I think the conclusion i have come to is that it isn't healthy for me to devote my life to someone else. I guess i think that it is less than ideal to devote my life to anyone who isn't my child. I understand the sentiment of monogamy, but to me it just seems like most people are coerced into monogamy by the idea that they can't be happy unless they are devoting their life to someone else.

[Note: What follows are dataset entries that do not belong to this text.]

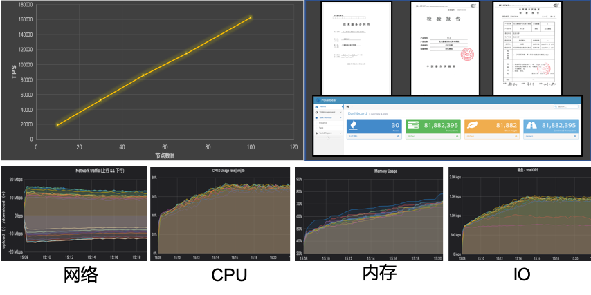 本次测试环境为部署在全国10个不同城市的机房中的100个公有云节点,每个节点之间均通过固定上限带宽的公网通信。公有云虚拟机的配置为双核、4GB内存、20Mbps(2.5MB/s)网络带宽、设备硬件配置及网络环境更加接近实际应用场景生产环境。测试结果显示北大数瑞分布式账本系统在公网环境、100节点规模下的存证性能可超过16万TPS;而且随着节点数目的增加,整个网络的吞吐率呈现线性增加趋势,实测效果可以更好满足大数据、工业互联网、物联网等高并发场景的实际需求。
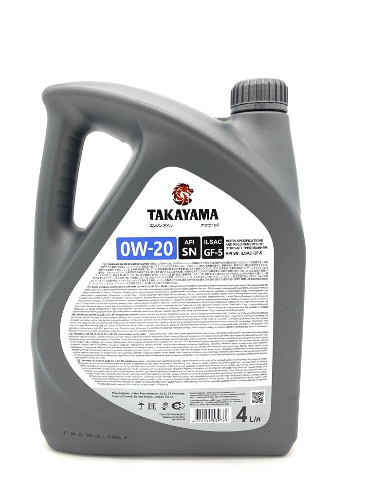 Купить Моторное масло TAKAYAMA ILSAC GF-5 0W-20 4л (605554) пластик
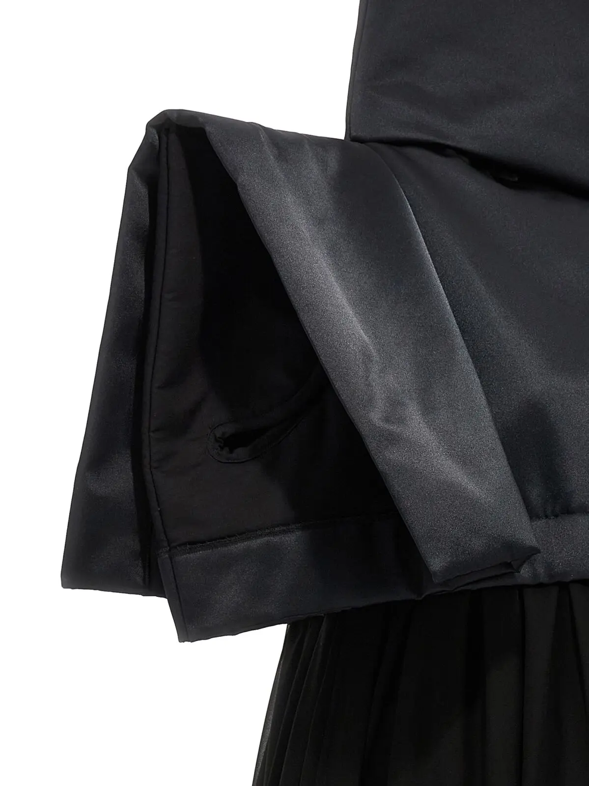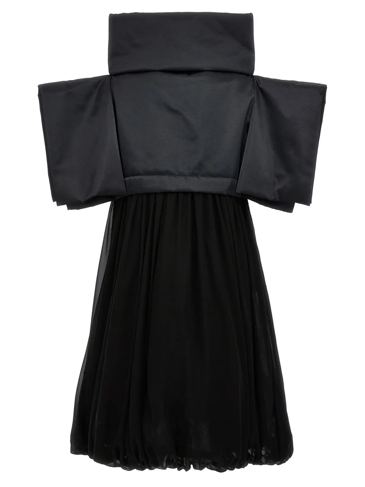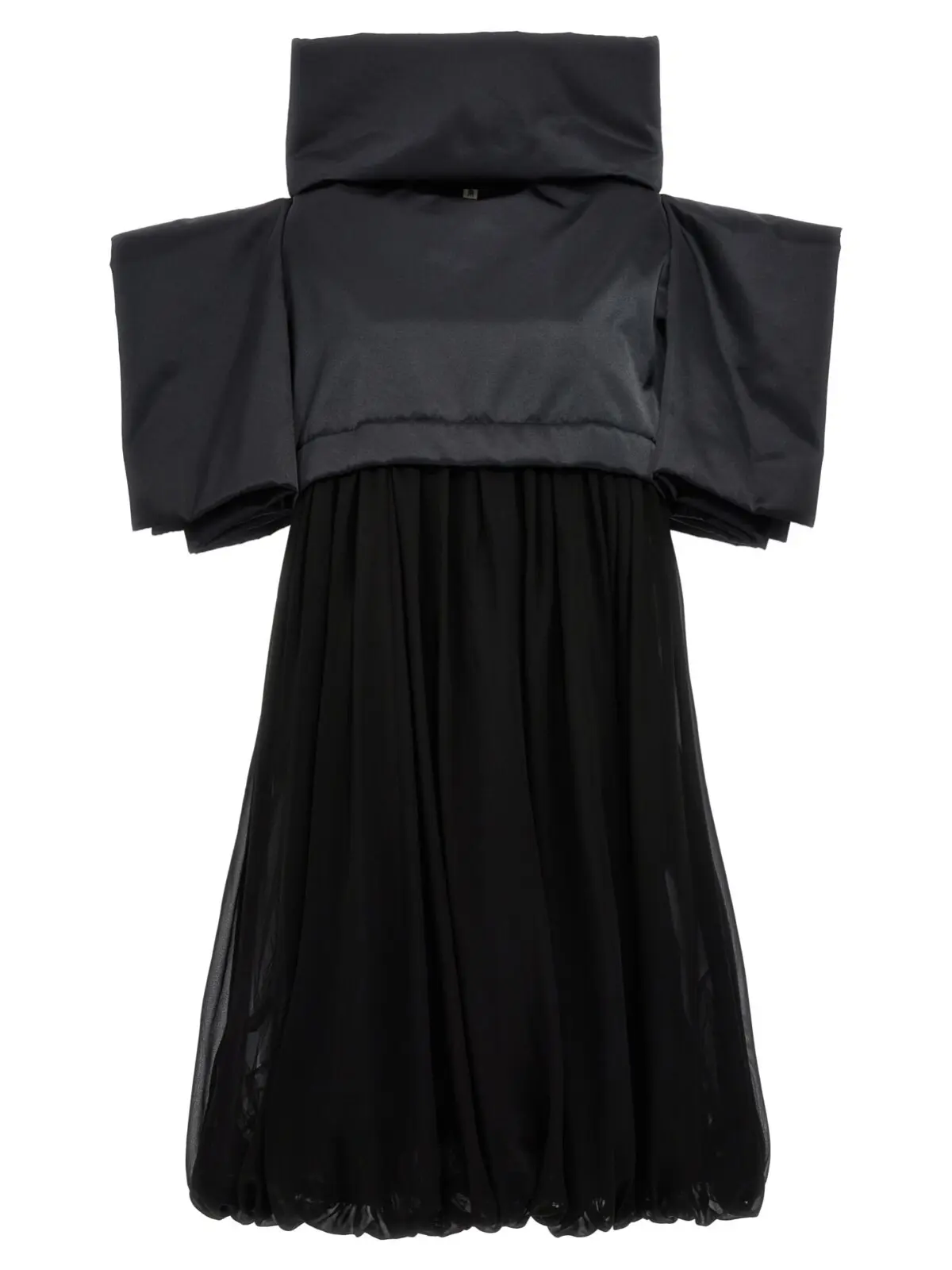 Чорна сукня Two-material від Comme Des Garçons – це неперевершений вибір для стильних жінок, які хочуть виглядати неперевершено. Ця сукня з двома матеріалами має верх з наповненим та атласним полотном, квадратні рукави та високий човник. Частина спідниці виконана з оборками з тюлю. Вона виготовлена з 100% поліестеру, що забезпечує комфорт та довговічність. Завдяки своєму стильному дизайну та вишуканому крою, ця сукня приверне увагу всіх навколо вас. Ви будете виглядати неперевершено та впевнено в будь-якій ситуації. Замовте цю чорну сукню Two-material від Comme Des Garçons прямо зараз та станьте центром уваги!
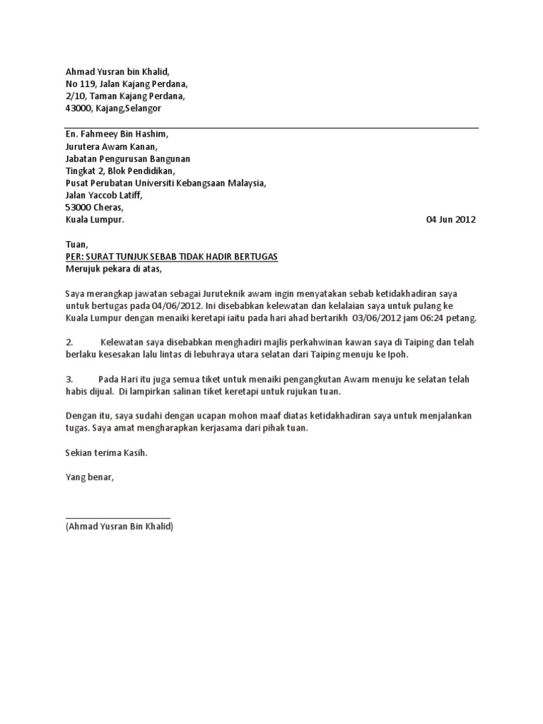 Surat Rasmi Tunjuk Sebab Tidak Hadir Bertugas Letter 7saudara Com

I want to be happy with myself, and i want to be with people who are happy with themselves. I don't want to be with someone who needs me and i don't want to need someone. I don't think that is healthy. I want to enjoy the company of people who enjoy my company. Monogamy can have different meanings, often i think it is just another word for codependence. I currently favor polyamory because if it seems nearly impossible to be successfully polyamorous and codependent at the same time because, like i said before, if you want to have an open relationship that works out for everyone involved you have to constantly re-evaluate your feelings and communicate effectively. Such things are great in monogamous relationships, but aren't completely necessary to have a successful monogamous relationship, sometimes such things are even a detriment. My ex thought my overall lack of jealousy was a sign that i didn't really love her. Nevermind that jealousy is manifested insecurity. She thought that since i wasn't getting all bent out of shape about her hanging out with other men, that i was somehow not into her. It was this attitude, that somehow i should be more insecure in our relationship to show my love for her, that eventually led me to stop caring for her in a romantic sense. Her idea of a monogamy involved me becoming a stupid gorilla anytime she made friends with another guy. Now, i know that monogamy on its own is only a concept, i know that it is humanity eventually turns to shit anything that looked good on paper. I just think that, for a lot of people, monogamy means a great many things that are antithetical to respectful, equality based relationships.

Quote:
Originally Posted by shyguy
Isn't the idea of an "open relationship" inherently selfish? I have a hard time believing that a relationship between two people can be at all for each other when each person is going off to satisfy their own desires. At what point do you actually consider the other person (if there is a main one) or one of the other people (if they are all equal)? Do you even care if you lose one or more? Do you continue to have the same ones?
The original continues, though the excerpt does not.